From the Guidelines
The current surgical management of ovarian torsion primarily involves laparoscopic detorsion as the first-line approach, with the goal of preserving ovarian function. Upon diagnosis, prompt surgical intervention should be initiated to minimize ischemic damage. During the procedure, the surgeon should untwist the affected ovary and adnexa, regardless of how necrotic the tissue appears, as the visual assessment of viability is unreliable. After detorsion, the surgeon should observe for reperfusion, which may be confirmed by seeing the tissue change from a blue-black appearance to a more normal color. Oophoropexy (fixation of the ovary) may be considered in certain cases to prevent recurrence, though this is not universally recommended. Cystectomy should be performed if an ovarian cyst is identified as the cause of torsion. Salpingo-oophorectomy (removal of the ovary and fallopian tube) should be reserved only for cases with severe necrosis where tissue is clearly non-viable after detorsion, or in postmenopausal women. In pediatric and reproductive-age patients, ovarian conservation is particularly important, as evidenced by the recommendation to preserve at least part of one ovary and the uterus in young patients with borderline ovarian tumors 1.
Some key points to consider in the surgical management of ovarian torsion include:
- The importance of prompt intervention to minimize ischemic damage
- The use of laparoscopic detorsion as the first-line approach
- The consideration of oophoropexy to prevent recurrence
- The reservation of salpingo-oophorectomy for cases with severe necrosis or in postmenopausal women
- The emphasis on ovarian conservation in pediatric and reproductive-age patients, with studies suggesting that even severely ischemic-appearing ovaries can recover function after detorsion 2.
It is essential to note that the provided evidence primarily focuses on the management of ovarian cancer and borderline ovarian tumors, rather than ovarian torsion specifically. However, the principles of preserving ovarian function and minimizing ischemic damage can still be applied to the management of ovarian torsion. The goal of surgical management should always prioritize preserving ovarian function and minimizing morbidity and mortality, while also considering the individual patient's needs and circumstances.
From the Research
Surgical Management Guidelines for Ovarian Torsion
The current surgical management guidelines for ovarian torsion emphasize the importance of preserving the ovary, particularly in young women, to maintain hormonal function and fertility 3, 4, 5. The following points highlight the key aspects of surgical management:
- Laparoscopic management: Laparoscopic detorsion of the torquated ovaries, cystectomy on an ischemic ovary, and oophoropexy to the pelvic side wall and utero-ovarian ligament are recommended to prevent recurrence 3, 4, 6.

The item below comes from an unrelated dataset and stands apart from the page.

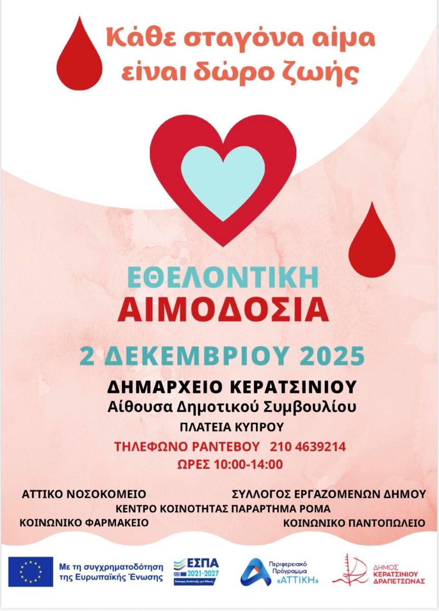 Εθελοντική αιμοδοσία διοργανώνεται από τον Δήμο Κερατσινίου – Δραπετσώνας και τον Σύλλογο Εργαζομένων του Δήμου σε συνεργασία με το Π.Γ.Ν. “Αττικόν”. Η δράση θα πραγματοποιηθεί την Τρίτη, 2 Δεκεμβρίου 2025 από τις 10.00′ π.μ. έως τις 2.00′ μ.μ. στην Αίθουσα Δημοτικού Συμβουλίου (Ελ. Βενιζέλου 200, 1ος όροφος, Δημαρχείο Κερατσινίου).

- Oophoropexy: Oophoropexy, or the fixation of the ovary to the pelvic side wall, can help prevent recurrent ovarian torsion, especially in patients with a history of intermittent torsion 6, 5.

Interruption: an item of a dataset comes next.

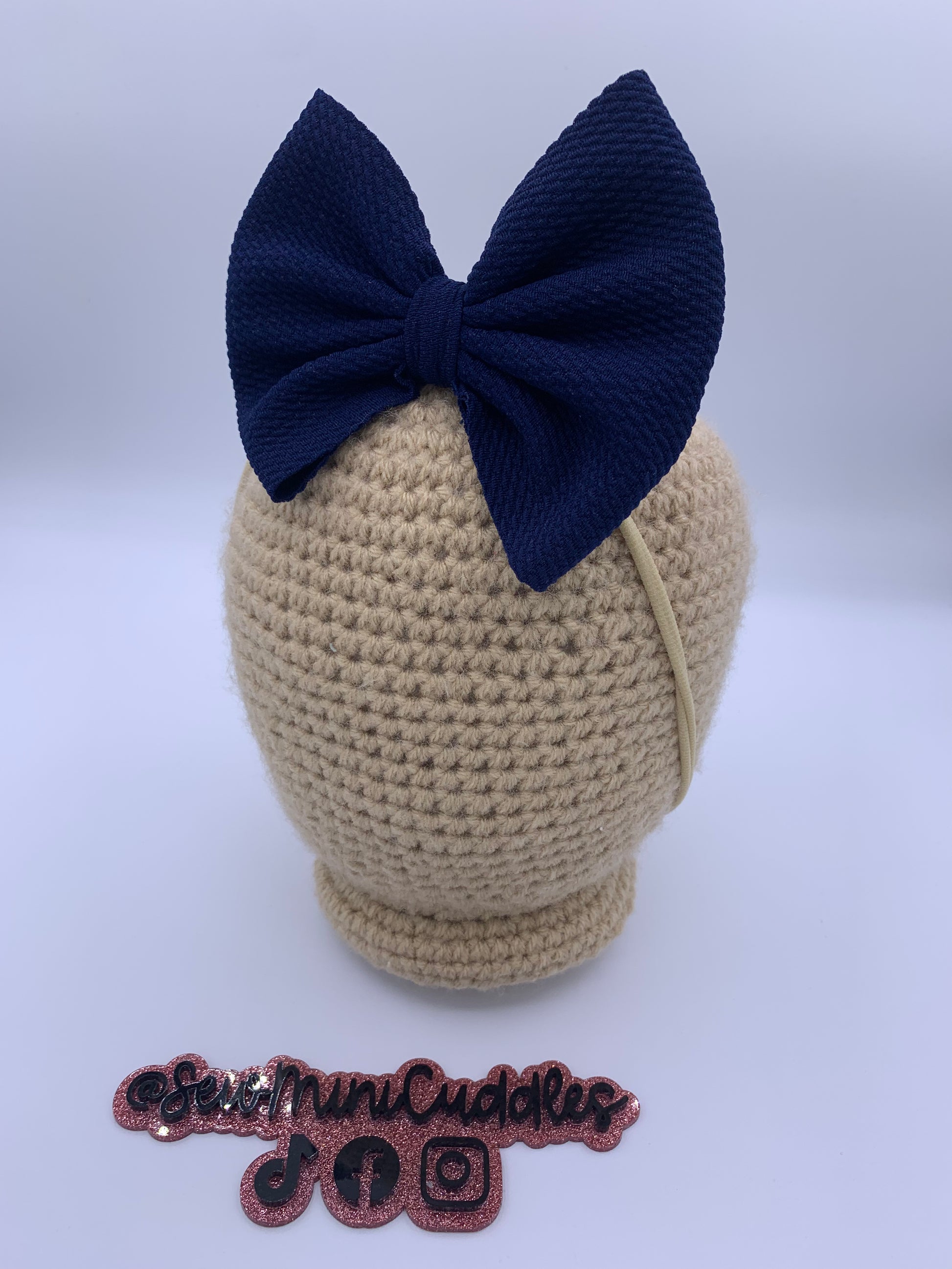 These bows are approximately 5 inches wide. You have the choice of the bow being on a 2.25 inch alligator clip or a stretchy nylon band . The nylon band is a one size fits all.

- Conservative surgery: Conservative surgery, which aims to preserve the ovary, is recommended for patients with early diagnosis of ovarian torsion, as it can lead to better prognosis and preservation of ovarian function 4, 5.
- Avoiding oophorectomy: Leading guidelines recommend avoiding oophorectomy, or the removal of the ovary, whenever possible, to preserve fertility and hormonal function in young women 3, 4.

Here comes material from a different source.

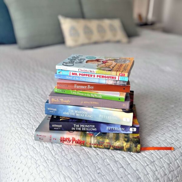 When June heads to summer camp, Shep and I will dig into Harry Potter and the Chamber of Secrets. (I don’t know what we’ll do when Shep goes to camp, too, but right now June’s two-week absence aligns well with his birthday!) John will read them the third Wingfeather before Annie joins read aloud upon her entrance into kindergarten (!). With the newest member of our crew, we’ll circle back around to where we started our readaloud journey: with the first book in the Little House series (it’s been four years since June read them) and with Charlotte’s Web, a book I think every child should have read to them at least once.

- Diagnostic criteria: Accurate diagnosis of ovarian torsion is crucial, and clinical presentation, imaging findings, and laboratory examinations should be integrated to increase diagnostic accuracy 7, 5.
Key Considerations
When managing ovarian torsion, the following considerations are essential:
- Early diagnosis: Early diagnosis is critical to preserve ovarian function and prevent severe morbidity 7, 5.
- Clinical presentation: Abdominal pain, nausea, and vomiting are common clinical presentations of ovarian torsion, and diagnosis should be suspected in patients with these symptoms 7, 5.
- Imaging and laboratory examinations: Imaging findings, such as computed tomography, and laboratory examinations, such as plasma d-dimer level, can help distinguish ovarian necrosis and guide surgical management 5.